Track Jupyter notebook cell executions and export a clean, ordered Python script — exactly what ran, in the order it ran.

### Install

```bash
pip install jupytertracker
```

### Usage

Add one line at the top of your notebook:

```python
import jupytertracker
jupytertracker.start()
```

When you're done, export:

```python
jupytertracker.export_script("my_analysis.py")
```

The output is a `.py` file with every cell execution in order, one block per run:

```python
# Generated by jupytertracker (sequential mode)
# Total execution time: 2m 14.3s
# Cells recorded: 5

# execution 1  [340ms]
x = load_data("train.csv")

# execution 2  [1m 52.1s]
model = train(x, lr=0.01)

# execution 3  [18.4s]
evaluate(model)

# execution 4 (re-run)  [1m 48.7s]
model = train(x, lr=0.1)

# execution 5 (re-run)  [15.1s]
evaluate(model)
```

### API

```python
jupytertracker.start(ip=None)        # start tracking; idempotent
jupytertracker.stop()                # stop tracking; next start() begins fresh
jupytertracker.export_script(path)   # write execution log to .py file
jupytertracker.clear()               # clear the log without stopping
jupytertracker.get_log()             # return list of ExecutionRecord
```

### Notes

- **Call `start()` in your very first cell**, before any imports or data loading. The tracker only records what runs after `start()` is called. Any state built up before — loaded dataframes, imported libraries, defined variables — is invisible to the tracker and will be missing from the exported script.

- **The exported script is an execution record, not a guaranteed reproducible script.** If cells depended on state that existed in the kernel but wasn't captured (see above), the script will fail with a `NameError` when run top-to-bottom.
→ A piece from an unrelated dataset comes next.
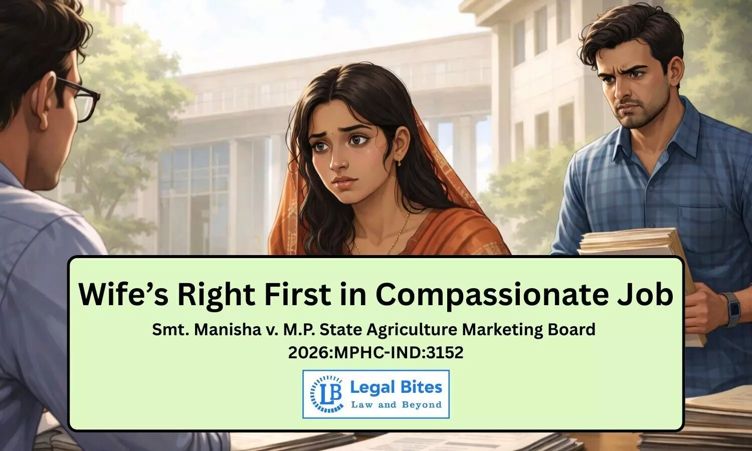 In a significant ruling, the Madhya Pradesh High Court reaffirmed that a brother of a deceased married employee cannot defeat the wife’s preferential claim to compassionate appointment. The Court further held that authorities cannot insist on a succession certificate when the policy clearly recognises the wife as the first eligible dependent. The decision in Smt. Manisha v. M.P. State Agriculture Marketing Board (2026:MPHC-IND:3152) provides crucial clarity on the scope of compassionate appointment schemes and the impermissibility of importing civil succession principles into them.

- **Failed cells are excluded.** Cells that raise an exception, have a syntax error, or are interrupted by the user are not recorded — only successful executions appear in the output.
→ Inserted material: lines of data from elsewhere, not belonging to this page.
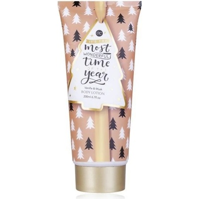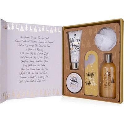 Koupelový set s vůní vanilky a pižma pro zimní relaxaci a péči o tělo v elegantním dárkovém balení, ideální pro každou příležitost.
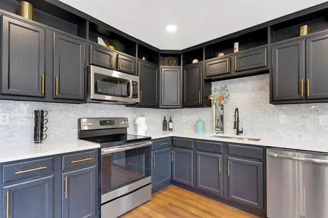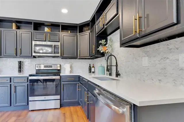 The kitchen features sleek quartz countertops and a fresh, contemporary design, while the living room offers a warm and inviting space perfect for relaxing or entertaining. Gleaming laminate floors enhance the sophisticated feel of the home.
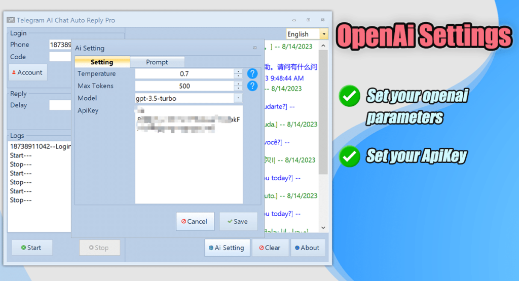 Yes, we have integrated OpenAI into our system. This allows you to set your own prompts and engage in automated conversations with your Telegram contacts.
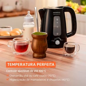 Controle de temperatura ajustável até 100 °C, atinge 70 °C para chimarrão/chá/café e 40 °C para higienização de mamadeiras. Capacidade de 1,7 L (até 7 xícaras). Visor transparente. Sistema de aquecimento rápido. Filtro removível. Jarra destacável. Tampa Abre-Fácil. Botão ON/OFF. Desligamento Automático. Porta-fio., Controle de temperatura ajustável até 100 °C, atinge 70 °C para chimarrão/chá/café e 40 °C para higienização de mamadeiras. Capacidade de 1,7 L (até 7 xícaras). Visor transparente. Sistema de aquecimento rápido. Filtro removível. Jarra destacável. Tampa Abre-Fácil. Botão ON/OFF. Desligamento Automático. Porta-fio.Acessórios
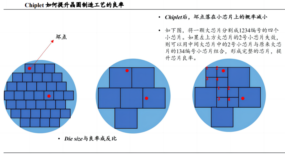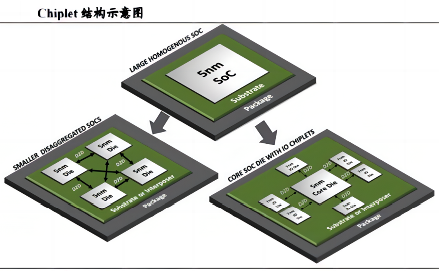 Chiplet即小芯片之意,指在晶圓端將原本一顆“大”芯片(Die)拆解成幾個“小”芯片(Die),因單個拆解后的“小”芯片在功能上是不完整的,需通過封裝,重新將各個“小”芯片組合起來,功能上還原原來“大”芯片的功能。Chiplet可以將一顆大芯片拆解設計成幾顆與之有相同制程的小芯片,也可以將其拆解成設計成幾顆擁有不同制程的小芯片。

- **Kernel restart** resets tracking automatically (Python state is cleared). Call `export_script()` before restarting if you want to preserve the session.
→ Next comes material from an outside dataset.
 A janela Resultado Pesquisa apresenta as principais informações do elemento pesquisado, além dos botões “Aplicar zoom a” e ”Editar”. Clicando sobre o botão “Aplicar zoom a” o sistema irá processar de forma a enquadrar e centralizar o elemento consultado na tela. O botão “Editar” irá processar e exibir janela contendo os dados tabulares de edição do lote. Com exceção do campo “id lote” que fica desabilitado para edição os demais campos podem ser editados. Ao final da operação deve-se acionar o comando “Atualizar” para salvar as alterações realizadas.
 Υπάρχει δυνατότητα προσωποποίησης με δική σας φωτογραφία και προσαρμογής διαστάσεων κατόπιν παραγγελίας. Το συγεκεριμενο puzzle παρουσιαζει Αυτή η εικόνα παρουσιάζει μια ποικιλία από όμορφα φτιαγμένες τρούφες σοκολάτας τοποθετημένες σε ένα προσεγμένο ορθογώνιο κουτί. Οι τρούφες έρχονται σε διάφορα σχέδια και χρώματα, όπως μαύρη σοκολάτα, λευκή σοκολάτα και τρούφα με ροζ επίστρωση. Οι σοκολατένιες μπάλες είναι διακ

- Magic commands (`%matplotlib inline`, `!pip install ...`) are included with a comment noting they require a Jupyter environment.

## Related projects

- **[ipyflow](https://github.com/ipyflow/ipyflow)** — reactive Python kernel that tracks dataflow between cells and can recover the minimal set of cells needed to reproduce an output. Requires switching kernels; takes a "prevent the mess" approach vs. jupytertracker's "record the mess" approach.
- **[papermill](https://github.com/nteract/papermill)** — parameterizes and executes notebooks top-to-bottom. Good for batch runs; doesn't handle interactive out-of-order execution.
- **[reprozip-jupyter](https://pypi.org/project/reprozip-jupyter/)** — packs the full notebook environment (libraries, data) for portability. Solves environment reproducibility, not execution-order reproducibility.
- **[MLflow](https://mlflow.org)** — experiment tracking, model registry, and model serving. Component 2 of this system.

## Roadmap

- **v2:** `mode='dedup'` — deduplicate to the last version of each cell, ordered by last execution. For "clean up my notebook" workflows.
- **Component 2:** MLflow integration — link JupyterTracker sessions to MLflow run IDs automatically.
- **Component 3:** Whitepaper generator — `wpr_`-prefixed functions collect outputs for LLM-generated structured reports.